Your assignment:
Skip the pictures. Output only the lines below starting at the line with "Authorities said Tuesday" and ending at the line with "Welurowy komplet z", both ends included, exactly as they are.

Provided entries:

BEGIN

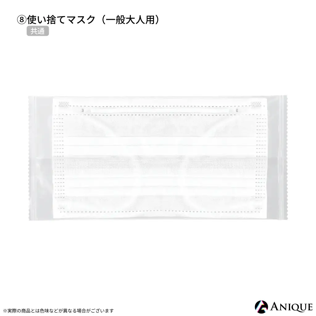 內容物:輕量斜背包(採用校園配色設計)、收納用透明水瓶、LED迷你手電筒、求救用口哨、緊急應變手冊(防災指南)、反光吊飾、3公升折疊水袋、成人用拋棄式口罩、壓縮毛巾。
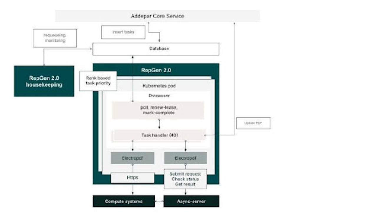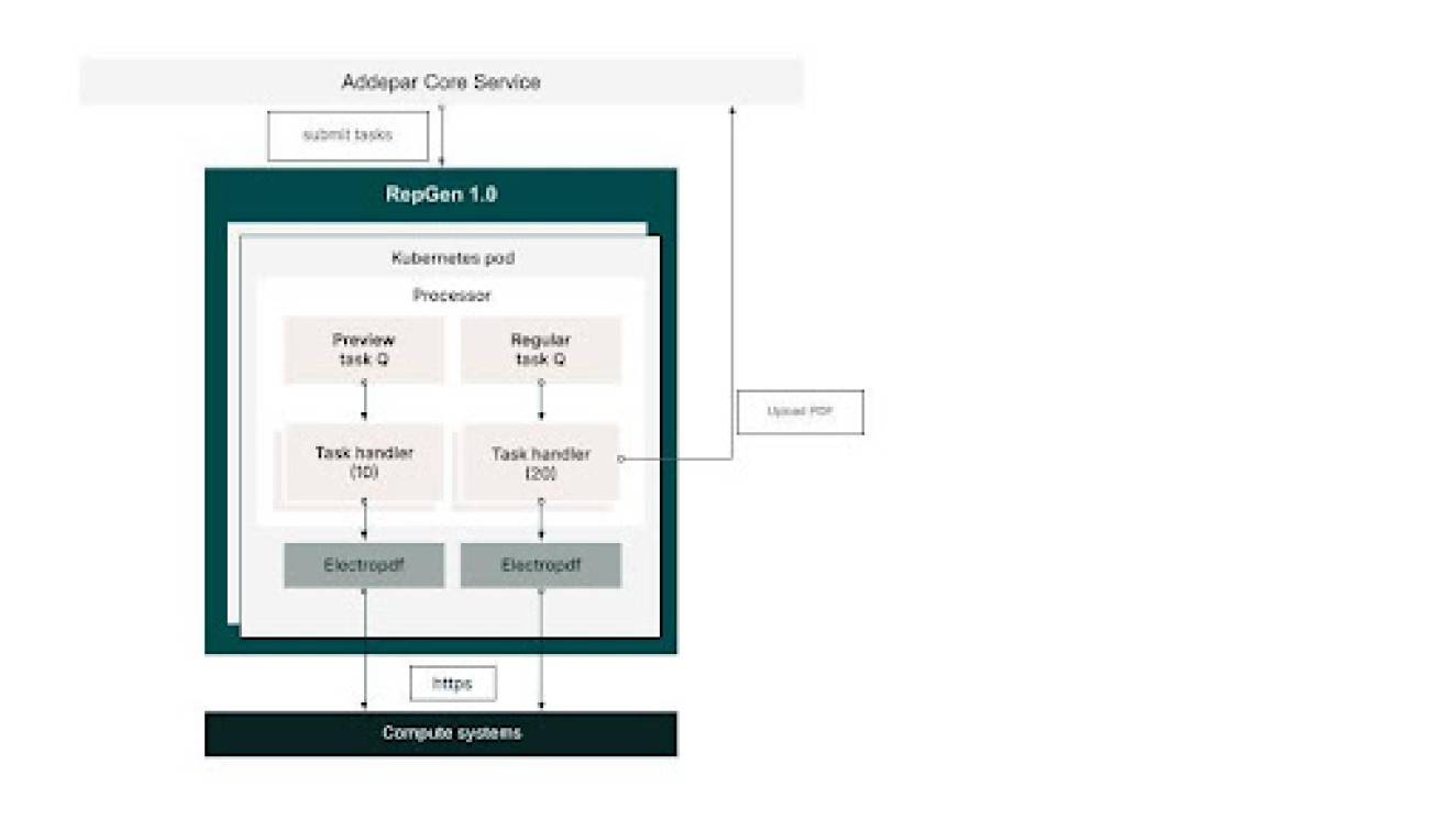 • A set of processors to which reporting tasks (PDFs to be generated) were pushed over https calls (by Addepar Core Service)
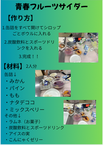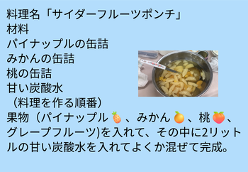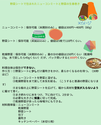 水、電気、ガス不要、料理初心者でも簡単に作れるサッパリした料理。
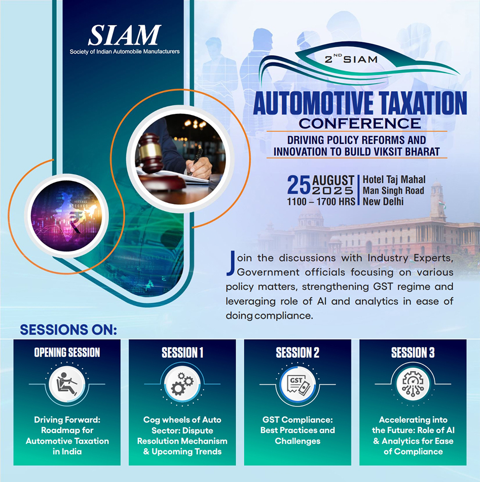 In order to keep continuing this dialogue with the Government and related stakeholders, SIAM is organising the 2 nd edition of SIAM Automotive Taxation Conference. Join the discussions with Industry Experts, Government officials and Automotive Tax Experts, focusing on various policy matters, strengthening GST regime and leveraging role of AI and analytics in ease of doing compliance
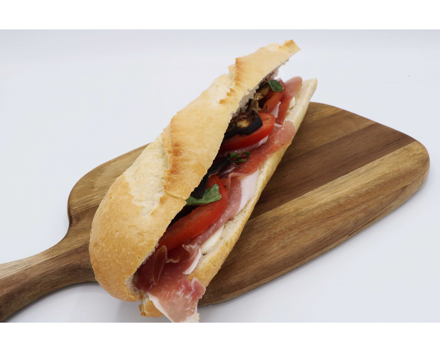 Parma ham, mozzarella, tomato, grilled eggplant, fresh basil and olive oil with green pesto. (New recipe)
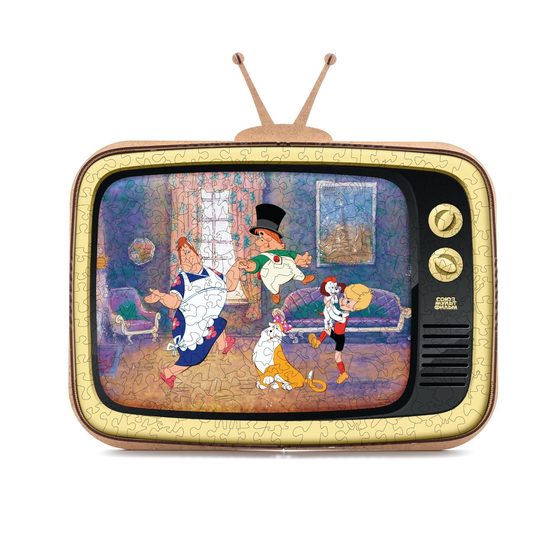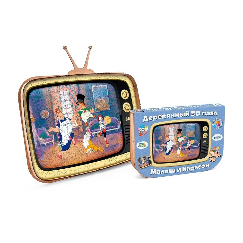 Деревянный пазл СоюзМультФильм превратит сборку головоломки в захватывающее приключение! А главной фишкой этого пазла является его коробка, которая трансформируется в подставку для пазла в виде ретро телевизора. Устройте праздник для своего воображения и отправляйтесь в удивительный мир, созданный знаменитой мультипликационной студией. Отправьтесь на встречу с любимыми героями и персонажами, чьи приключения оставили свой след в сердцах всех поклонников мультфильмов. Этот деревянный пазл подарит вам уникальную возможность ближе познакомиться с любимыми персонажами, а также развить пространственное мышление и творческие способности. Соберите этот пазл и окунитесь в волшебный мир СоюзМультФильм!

END
BEGIN

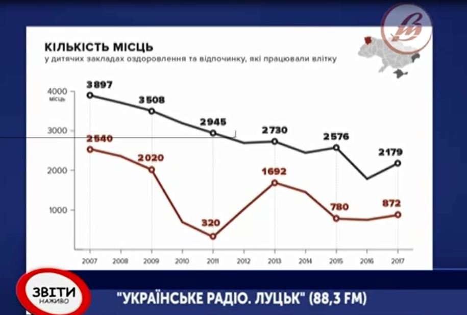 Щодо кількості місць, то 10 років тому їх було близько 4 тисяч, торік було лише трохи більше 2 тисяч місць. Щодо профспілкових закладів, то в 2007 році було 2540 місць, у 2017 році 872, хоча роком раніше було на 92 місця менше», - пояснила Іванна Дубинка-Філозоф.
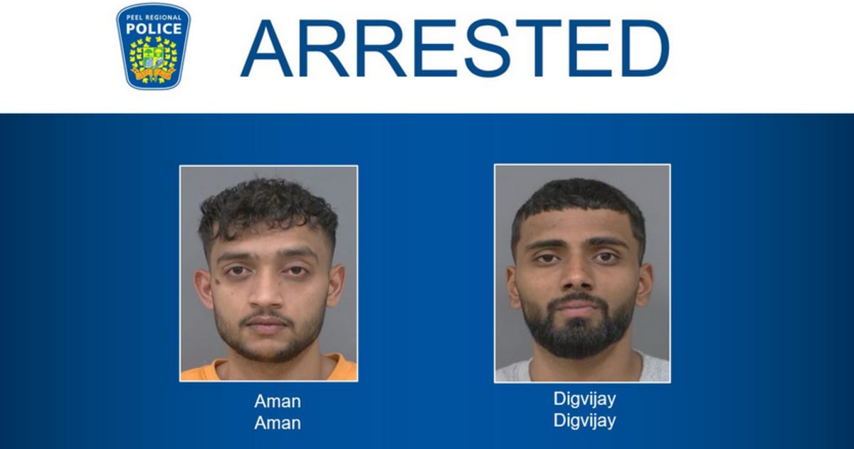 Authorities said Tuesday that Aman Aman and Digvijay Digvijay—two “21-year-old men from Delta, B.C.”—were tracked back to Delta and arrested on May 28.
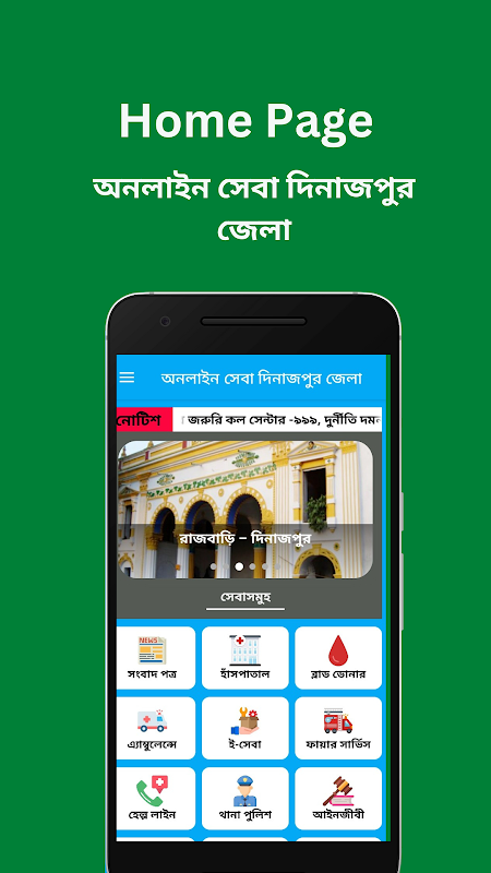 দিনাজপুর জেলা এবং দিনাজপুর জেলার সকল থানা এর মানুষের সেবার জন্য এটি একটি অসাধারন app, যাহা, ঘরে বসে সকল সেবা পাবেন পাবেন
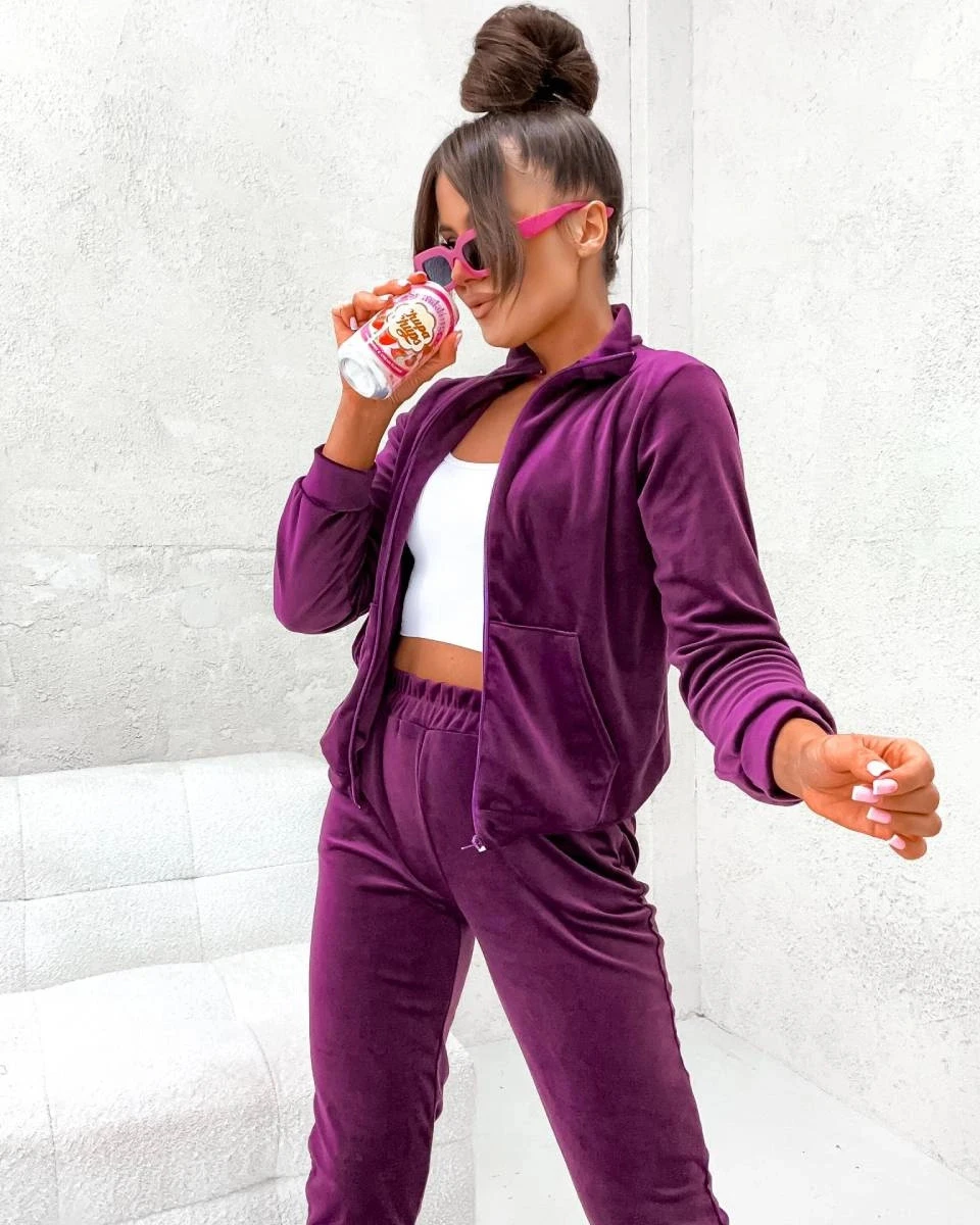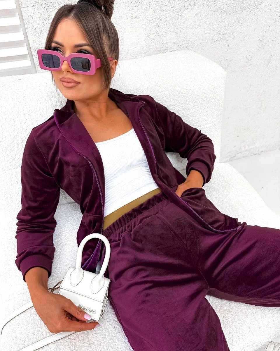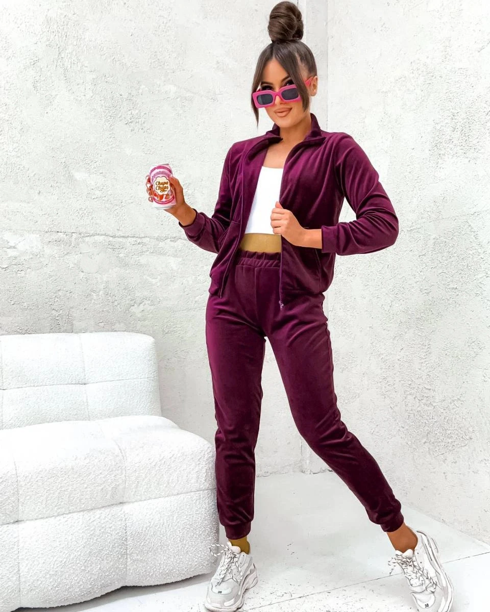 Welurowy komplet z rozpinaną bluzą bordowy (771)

END
BEGIN

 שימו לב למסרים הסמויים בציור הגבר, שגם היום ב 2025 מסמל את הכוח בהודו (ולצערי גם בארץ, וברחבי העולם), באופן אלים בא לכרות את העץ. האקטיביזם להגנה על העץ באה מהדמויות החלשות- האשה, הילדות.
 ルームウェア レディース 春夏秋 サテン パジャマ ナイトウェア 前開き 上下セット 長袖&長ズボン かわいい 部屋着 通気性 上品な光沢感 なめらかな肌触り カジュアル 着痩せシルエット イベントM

END

Solution to this problem:
 Authorities said Tuesday that Aman Aman and Digvijay Digvijay—two “21-year-old men from Delta, B.C.”—were tracked back to Delta and arrested on May 28.
 দিনাজপুর জেলা এবং দিনাজপুর জেলার সকল থানা এর মানুষের সেবার জন্য এটি একটি অসাধারন app, যাহা, ঘরে বসে সকল সেবা পাবেন পাবেন
 Welurowy komplet z rozpinaną bluzą bordowy (771)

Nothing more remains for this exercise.